A) Normalized firefly luciferase activity for Luc-LMOD2 CDS and MG constructs with and without the W398* (left) or R513* (right) mutations presented as a percentage of wild type (WT) protein levels. Data are means ± SD. n = 4; ****P <0.0001, Student’s t-test. B) Schematic of LMOD2-MG construct with boxes representing exons and intervening lines representing introns. The locations of the W398* and R513* mutations, SBOs and the putative EJC binding site (pink) upstream of the junction between exons 2 and 3 are indicated. C) Normalized firefly luciferase activity for Luc-LMOD2 MG[W398*] treated with 100 nM of the steric-blocking oligonucleotides (SBOs) indicated. Data are presented as the mean percentage of Luc-LMOD2 MG (WT) + Scr SBO activity ± SD. n = 3; *P <0.05; **P <0.01; ***P <0.001, One-way ANOVA with Dunnett’s multiple comparison test. D) Normalized firefly luciferase activity for Luc-LMOD2 MG[W398*] treated with various concentrations of the L2[-38] SBO. Data are presented as the mean percentage of Luc-LMOD2 MG + 100 nM scrambled SBO ± SD. n = 4; ***P <0.001,****P <0.0001, One-way ANOVA with Dunnett’s multiple comparison test. E) Normalized firefly luciferase activity for Luc-LMOD2 MG[R513*] treated with 400 nM of the steric-blocking oligonucleotides (SBOs) indicated. Data are presented as the mean percentage of Luc-LMOD2 MG (WT) activity ± SD. n = 3; **P <0.01, Student’s t-test. F) Representative western blot of input or immunoprecipitate probed for components of the EJC (EIF4A3 and MAGOH) or control proteins (vinculin and GAPDH). G) RT-qPCR analysis of LMOD2 mature mRNA levels in input lysate (left panel) or the immunoprecipitate (right panel) from cells treated with 100 nM scrambled (black) or L2[-38] (pink) SBOs. Data are means ± SD. n = 3; *P <0.05, **P <0.01, comparison with a hypothetical mean of 1.0, one sample t-test.

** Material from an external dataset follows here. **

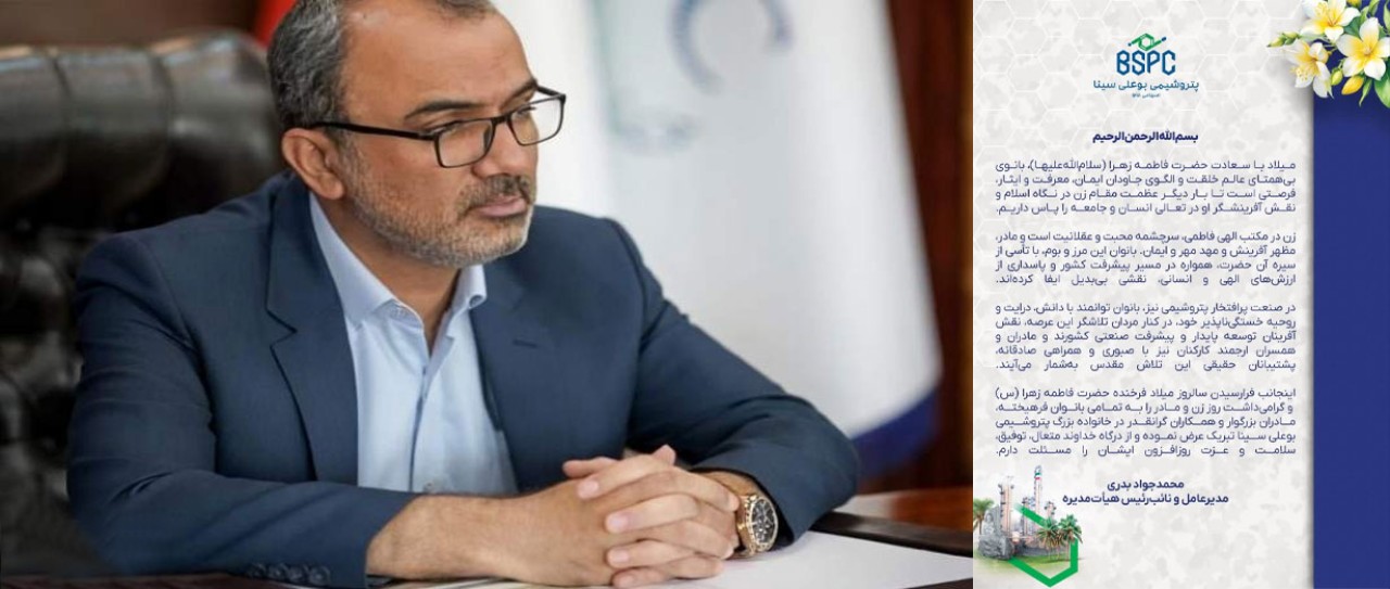 اینجانب فرارسیدن سالروز میلاد فرخنده حضرت فاطمه زهرا (س) و گرامی داشت روز زن و مادر را به تمامی بانوان فرهیخته، مادران بزرگوار و همکاران گرانقدر در خانواده بزرگ پتروشیمی بوعلی سینا تبریک عرض نموده و از درگاه خداوند متعال، توفیق سلامت و عزت روزافزون ایشان را مسئلت دارم.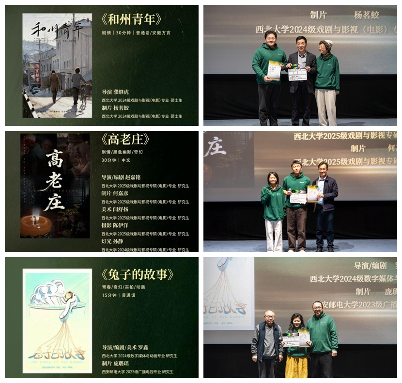 活动现场,20个入围团队进行了项目陈述、概念片展示,经过评审团专业评议,包括伟德2024级戏剧与影视专业硕士研究生濮继虎、2025级戏剧与影视专业硕士研究生赵嘉铭和2025级戏剧与影视专业硕士研究生赵嘉铭分别担任导演/编剧的《和州青年》、《高老庄》和《兔子的故事》三部作品在内的十部作品脱颖而出,获评十强优胜项目,将获得专项拍摄资金及全链条孵化支持。

https://doi.org/10.1371/journal.pgen.1011279.g004

To assess whether the L2[-38] SBO does indeed block deposition of the EJC on LMOD2 mRNA we used RNA-IP (RIP). A core component of the EJC (EIF4A3) was immunoprecipitated from FT-293 cells stably expressing LMOD2 MG[W398*] (Fig 4F). Probing for another component of the EJC, MAGOH, indicated that the greater complex was pulled down. RNA associated with the complex (or in the input lysate) was isolated, cDNA generated and RT-qPCR used to quantify transcript levels. Analysis of RIP input lysate revealed an increase in LMOD2 MG[W398*] transcript levels following treatment with SBO L2[-38] compared to treatment with a scrambled SBO, consistent with inhibition of NMD (Fig 4G). However, the amount of LMOD2 MG[W398*] transcript associated with the EJC is significantly decreased following treatment with SBO L2[-38] compared to a scrambled SBO (Fig 4G), indicating the L2[-38] SBO interferes with deposition of the EJC on LMOD2 mRNA.

Discussion

In this study we developed an experimental system to directly test the effect of human LMOD2 disease causing mutations on the expression and stability of LMOD2 protein. To date, four distinct LMOD2 mutations have been discovered in individuals from five separate families that all present with early onset dilated cardiomyopathy [711]. By analyzing explanted hearts we previously found that two of the mutations (p.W398* and c.273+1G>A*) result in a lack of full-length or mutant protein expression [7,11]. Here we further show the p.W398* mutation, and an additional unstudied mutation (p.R513*), result in very little mutant LMOD2 protein expression when expressed from gene constructs in a human cell line, while another unstudied mutation (p.V415fs*108) does not significantly decrease mutant protein levels. Interestingly, a patient homozygous for the latter mutation displayed the latest onset of disease to date, presenting at 9 months of age [10], revealing a potential correlation between mutant LMOD2 protein levels and severity of DCM. While the L415Vfs*108 mutation did not result in a significant decrease in mutant protein when expressed from the minigene construct (~90% of wild type levels), when expressed from the CDS construct the mutation results in an increase in protein levels (~130% of wild type) suggesting that the mutant protein, which contains 108 random residues C-terminal to valine 415, is more stable than wild type LMOD2.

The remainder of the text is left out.